A comparison of the Pareto optimal front of the different types of LED clusters showed that real tetrachromatic clusters performed better than trichromatic clusters even though the simulated RGB clusters were no worse than any of the other simulated cluster types. The tetrachromatic phosphor type LED was found to have a potentially higher colour quality (as estimated by the Sa-metric) than those containing an amber LED. However, the latter were able to achieve a much greater luminous efficacy, but only at lower colour quality. Tetrachromatic LED clusters of the R/G/B/phLED type were therefore found to have the most potential to design a solid-state white light source with good colour quality (S a ≥ 0.8) and reasonable luminous efficacy of radiation (250-300 lm/W).
Finally, as is clear from Fig. 3a, all optimized real LED clusters had a higher luminous efficacy and potentially higher colour quality than the CIE reference illuminants. The superior colour quality of a LED lamp optimized for the colour quality metric was confirmed by the authors in a psychophysical experiment . In a paired comparison experiment with 92 lay observers, the colour quality of an optimized 2700 K tetrachromatic cluster (S a = 0.790; CIE Ra = 81) was found to be significantly better than the colour quality of a 2700 K halogen light source (S a = 0.766; CIE Ra = 100). Note that the Sa-metric was indeed able to correctly predict the better perceived colour quality of the LED cluster, while CIE Ra could not due to its fundamental problem of combining non-optimal reference illuminants with a strict colour difference metric.

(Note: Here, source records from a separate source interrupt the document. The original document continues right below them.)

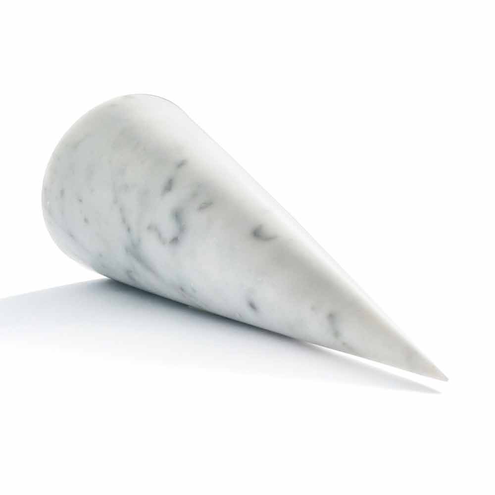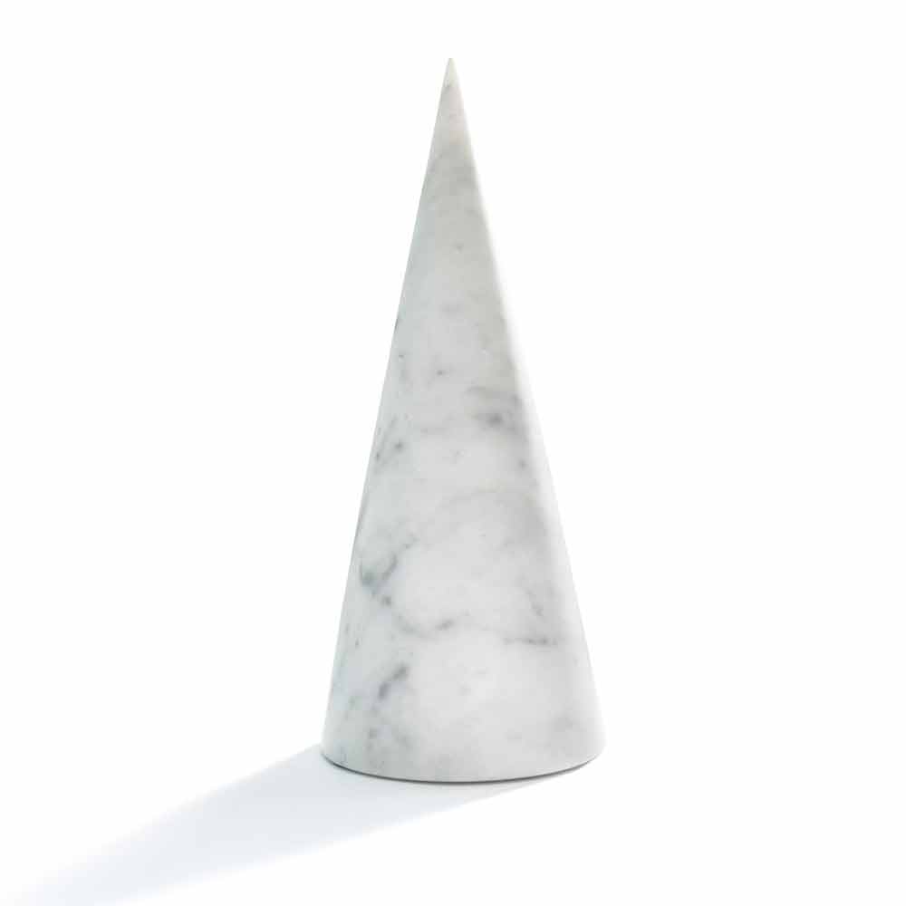 Gran cono decorativo fabricado en mármol blanco de Carrara . Es una pieza única ya que cada bloque de mármol utilizado se diferencia de los demás por vetas y matices.
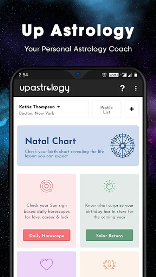 - Simply create your profile with the birth date, time and place and you are ready to explore yourself astrologically. Up Astrology, the app is your personal astrology coach.
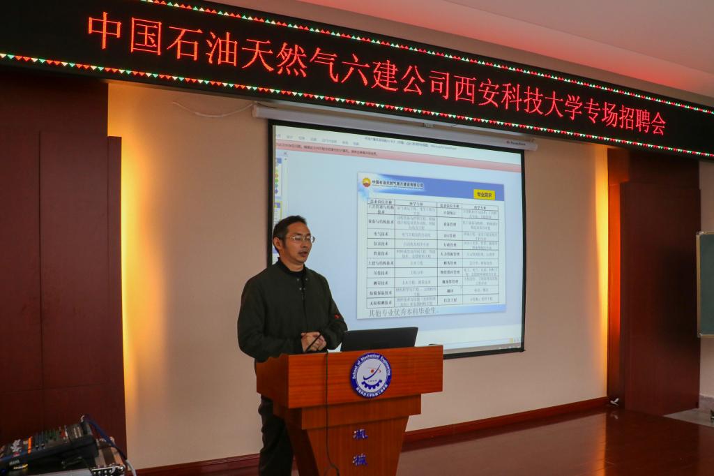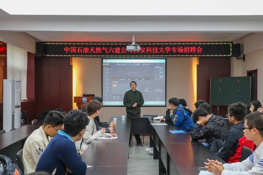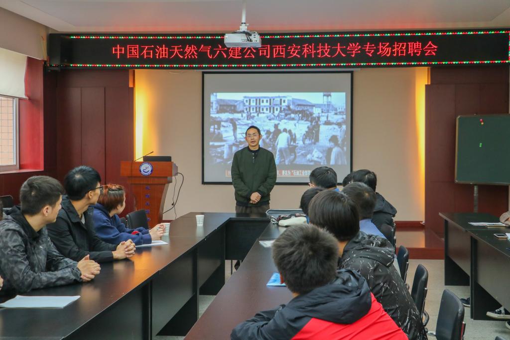 此次招聘会得到公司领导们的大力支持,在招聘会上,主讲人先与同学们一同观看了公司成立50周年的宣传片,并介绍了中油六建的基本概况,分布范围,发展历程,技术优势等基本情况。同时,同学们积极参与问答互动,现场气氛热烈,员工表现积极,踊跃的提出并回答问题。

The spectral power distributions of simulated and real tri- and tetrachromatic LED clusters were succesfully optimized for luminous efficacy of radiation and colour quality as measured by the memory colour quality metric by calculating the Pareto optimal solutions with the multi-objective NSGA-II genetic algorithm. Investigation of the subset of Pareto optimal solutions with a colour quality higher than that of the CIE reference illuminants revealed optimum peak wavelengths and spectral widths of the LEDs in each cluster type. It was found that almost all of the optimum peak wavelengths were located close to either the peak wavelength of the CIE 1924 luminous efficiency function or to one of Thornton’s three prime colours. The Pareto optimal fronts of real LED clusters were always located at smaller luminous efficacy values and colour quality than those of the simulated LED clusters. Binning was found to have a potentially substantial impact on the achievable colour quality of real LED cluster. Of the four types of LED clusters investigated real tetrachromatic LED clusters composed of an RGB LED and a warm white phosphor were found to have the greatest potential for designing a LED cluster with good luminous efficacy and colour quality. No or only negligible differences were found between the different types of simulated LED clusters. LED clusters could achieve a better colour quality (based on memory colours) and higher luminous efficacy than a set of CIE reference illuminants. This was confirmed by the authors  in a psychophysical experiment with 92 observers, where a 2700 K tetrachromatic LED cluster (S a = 0.790; CIE Ra = 81) was found to have a better perceived colour quality than a halogen light source (S a = 0.766; CIE Ra = 100).